Looking for some spring break ideas for the first part of April. We live in south Alabama and spend almost every weekend on our boat fishing or hanging out on a sandbar with friends. Just curious to hear what others have discovered that is fun in the southeast. My wife and I are very active and we have an 8 year old so looking for an adventure that doesn't involve the traditional beach destination.

Few thoughts but zero experience/knowledge
Crystal river FL and snorkeling with manatees
White Water rafting in the Tennessee area (not sure if that's a thing first of April)
Some sort of horseback ridding?

Thank you in advance for any suggestions!


----------



## FATC1TY (Jul 12, 2017)

We live in ATL area and it's wild how opposite it is. We go to the mtns a fair bit, as we have some family with a house, so going to mtn bike, hike, fish, etc is always a blast, but a trip for us, is the beach. We are headed to DI for spring break, and enjoy the area.

I'd suggest the mtns, but rafting won't be taking place in most rivers yet. But fly fishing for trout would be going on, float trips down the river. Lots of great hikes and waterfalls that would be awesome especially after a spring rain.
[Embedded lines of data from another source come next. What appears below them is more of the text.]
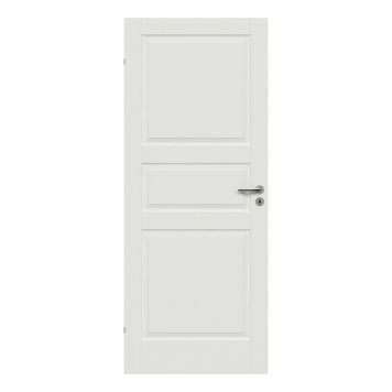 Massiv innerdør i tradisjonell design og høy kvalitet. Mønstret er formet i et stykke uten skjøter og døren er oppbygget rundt en massiv lydisolerende kjerne som gir et eksklusivt inntrykk. Døren har også en slitesterk overflate som er lett å holde ren. Tidløs dør som passer like godt i villaen som en moderne leilighet. Døren leveres med snap-in hengsler og låsekasse. Karm må kjøpes separat.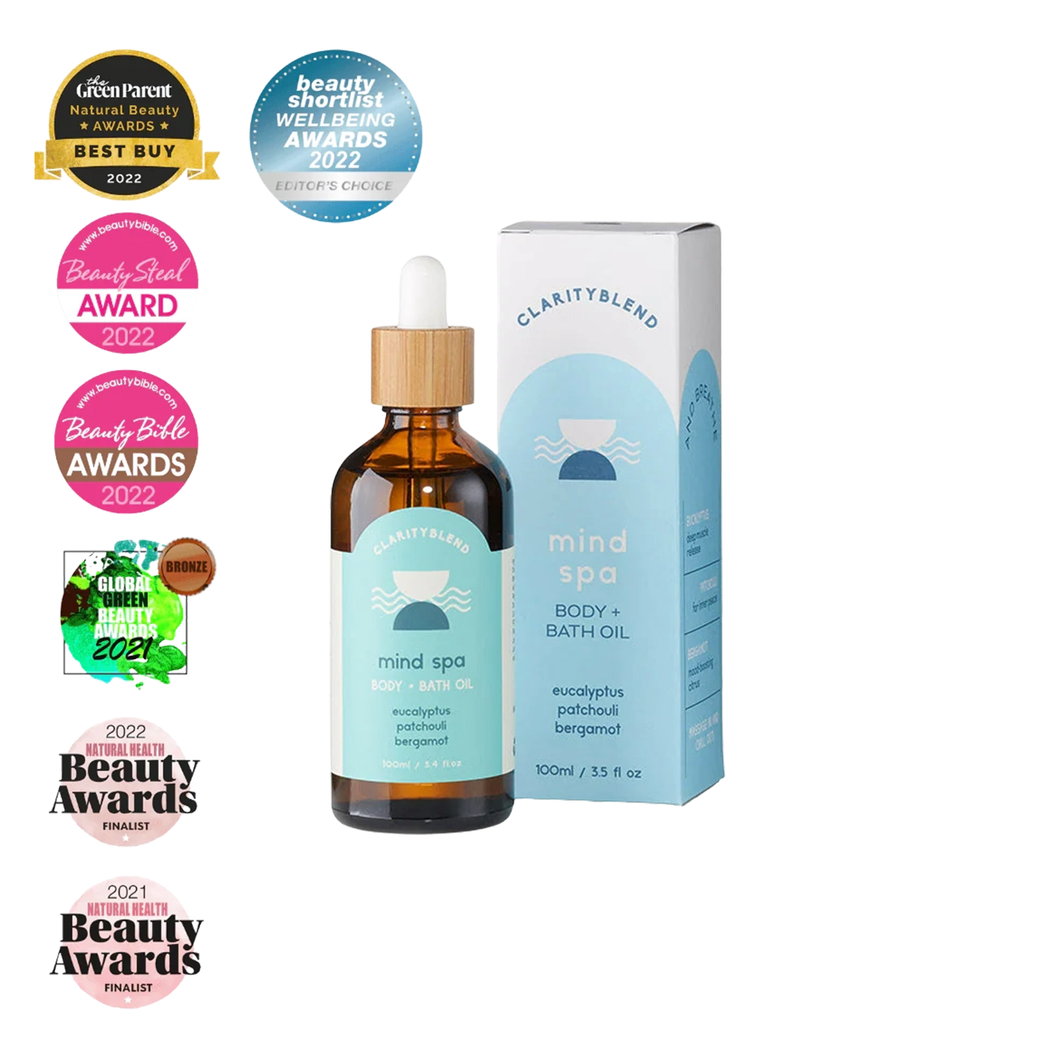 Mind Spa™ Body and Bath Oil incorporates four essential oils to promote relaxation and reduce stress. Patchouli has a deep, sweet, and earthy scent that can help lessen anxious feelings. Eucalyptus refreshes and clears the head for easy breathing, while Bergamot lifts the spirit with its light, citrusy aroma. Finally, Lemongrass provides stimulation and energy to combat feelings of fatigue. Mind Spa™ is the perfect way to take a few moments for yourself and reclaim your inner peace. With a base of jojoba and almond oils, this bath and body oil is nourishing and softening. Give yourself a spa-like experience any time you need with this multi award-winning natural body oil.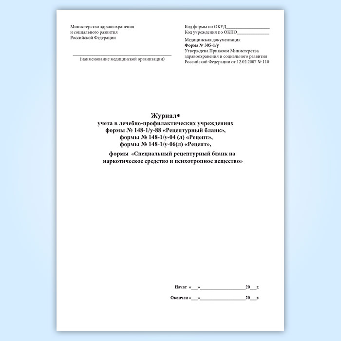 Журнал учета в лечебно-профилактических учреждениях формы 148-1/у-88 «Рецептурный бланк», 148-1/у-04(л) «Рецепт», 148-1/у-06(л) «Рецепт», формы «Специальный рецептурный бланк на наркотическое средство и психотропное вещество форма» в Магнитогорске купить

You could go hike and explore the national parks and state parks, camp in some of them would be good temps usually, ruby mines, etc.


----------



## caddyshack4reel (Apr 24, 2019)

Thank you for the idea. I think we are going to head to the blue ridge area in Georgia.


----------



## Redtwin (Feb 9, 2019)

I grew up in Citrus County and I can tell you snorkeling with the manatees is awesome as a kid. The whole experience is a lot more limited now due to rules about interacting with the manatees (so many people getting caught grabbing, harassing, , and chasing them) but it is still a great experience. As a kid we used to tie brushes on our hands and brush them down. They would roll over and lift their flippers so you could get all over. I'm pretty sure you would get a hefty fine if you did that now. You can still pet and scratch them if they approach you or if you are able to approach them in a non-chasing manner. It has been well over a decade since I have done it so check up on the latest rules.
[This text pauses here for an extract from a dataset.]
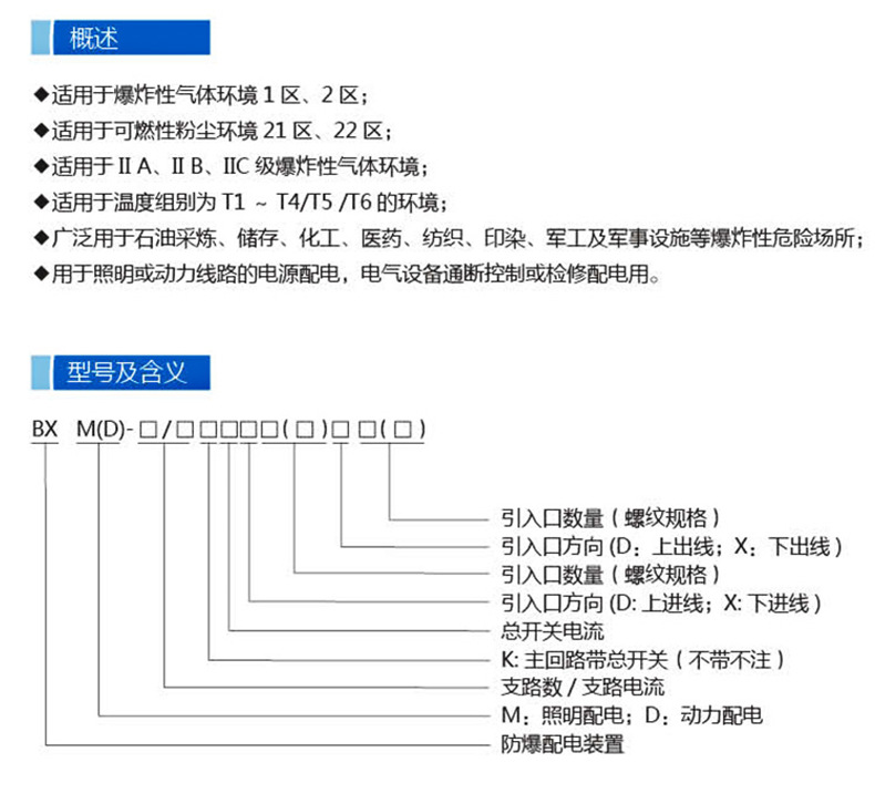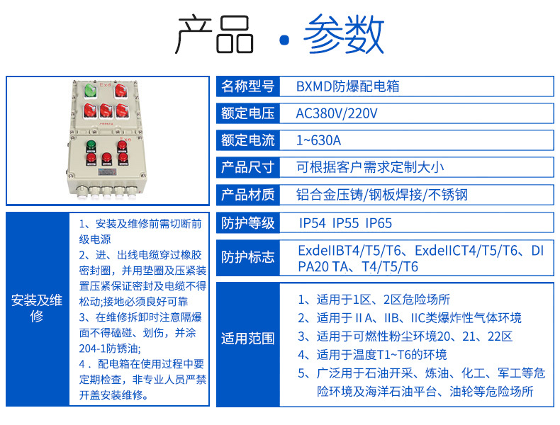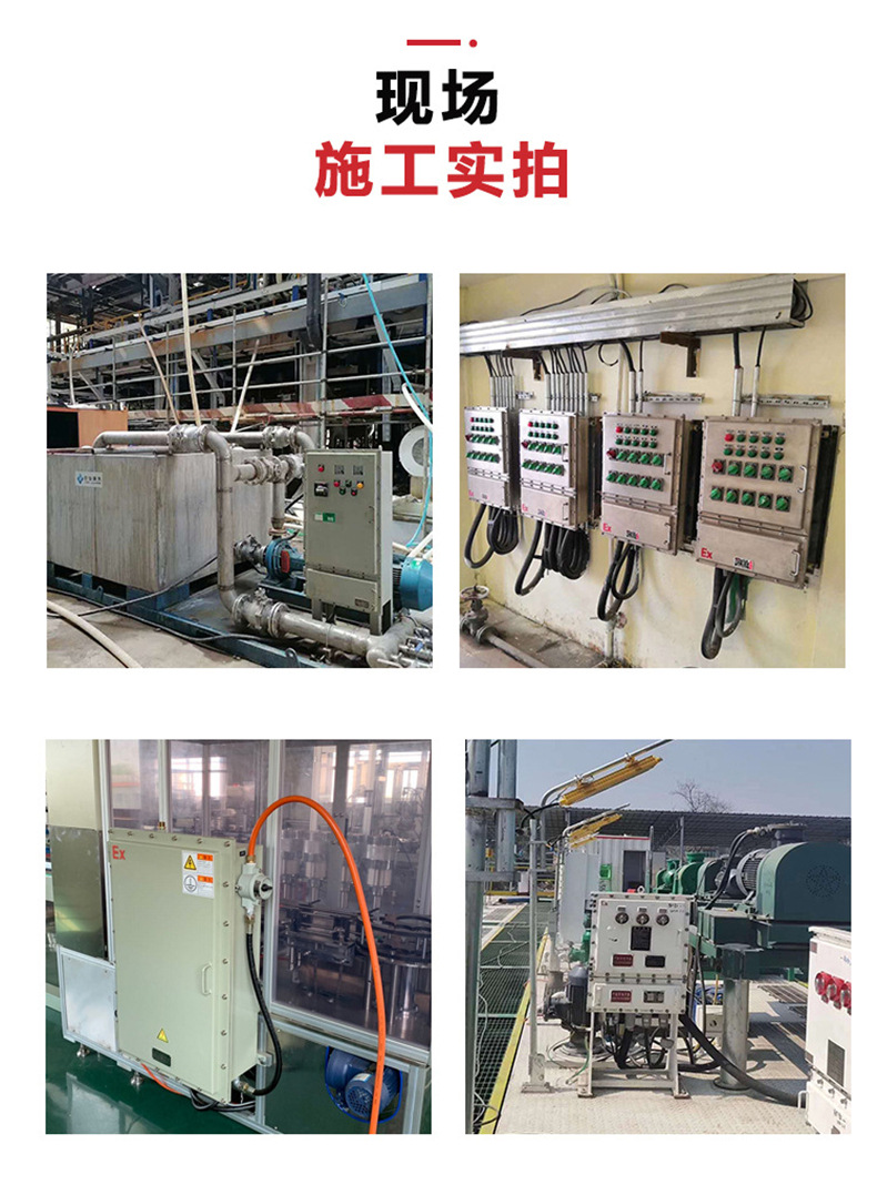 bxm防爆配電控制箱bxk照明動力電源儀表箱IIC接線柜廠家直供適用范圍 1、爆炸性氣體混合物風(fēng)險場所:1區(qū)、2區(qū)。 2、性氣體混合物:ⅡA、ⅡB、ⅡC。 3、可燃性粉塵環(huán)境20區(qū)、21區(qū)、22區(qū) 4、溫度組別:T1~T6。 5、防爆標(biāo)志:ExdeⅡBT6、*ExdeⅡCT6。 5.詳細(xì)歸納運(yùn)用場所如室內(nèi),外作業(yè)場所,我國煤炭行業(yè),中石油,中石化,中海油,電力,治 金,鐵路,鋼鐵,船舶,,航空航天,消防,化工,*部門,場館,交通運(yùn)輸,及大 型企業(yè)適用需要。 注:要求ⅡC級請注明。; bxm防爆配電控制箱bxk照明動力電源儀表箱IIC接線柜廠家直供主要技術(shù)參數(shù): 1.履行規(guī)范:GB 3836.1、GB 3836.2、GB 3836.3、GB 12476.1、IEC 60079 2.防爆標(biāo)志:ExdeⅡBT6、DIP A20 TA,T6 3.額定電壓:AC 220V/380V 4.主回路額定電流:20A~250A 5.支路數(shù):2、4、6、8、10、12 6.支路額定電流:1A、3A、5A、10A、15A、20A、25A、32A、40A、50A、60A 7.防護(hù)等級:IP54(ⅡB)、IP55(DIP)、IP65(配防雨罩) 8.防腐等級:WF1 9.進(jìn)口規(guī)格:G1/2~G3 10.適用電纜外徑:Φ6~Φ55mm 11.進(jìn)線口方向:下進(jìn)下出、下進(jìn)上出、進(jìn)步上出或進(jìn)步下出 bxm防爆配電控制箱bxk照明動力電源儀表箱IIC接線柜廠家直供產(chǎn)品展示圖:

I now live in Panama City where the spring break crowd has converted to a more family-friendly environment but living in Southern Alabama, you have basically the same thing going over there.


----------



## Ware (Jan 28, 2017)

Redtwin said:


> ...I now live in Panama City where the spring break crowd has converted to a more family-friendly environment but living in Southern Alabama, you have basically the same thing going over there.


What is the weather like there in mid-March? We've been to the Gulf coast, but I think it has always been later in the summer.


----------



## Redtwin (Feb 9, 2019)

It's typically in the mid-70s to mid-80s but we always seem to get a freaky cold front in early March. March is usually still wetsuit weather for me but I am a wuss when it comes to cold water. I'm all about polar plunges but if I am going to be in the water more than 5 minutes without a wetsuit it needs to be 75 degrees minimum. Every year during spring break I always feel so bad for all the visitors who happen to attend during that one cool snap but then I have to remind myself that the cooler weather here is a typical June day where they are from.

March is a good time of the year to do some paddleboarding since the surf is small or completely flat and the water is warm enough that if you fall off it's not the end of the session.


----------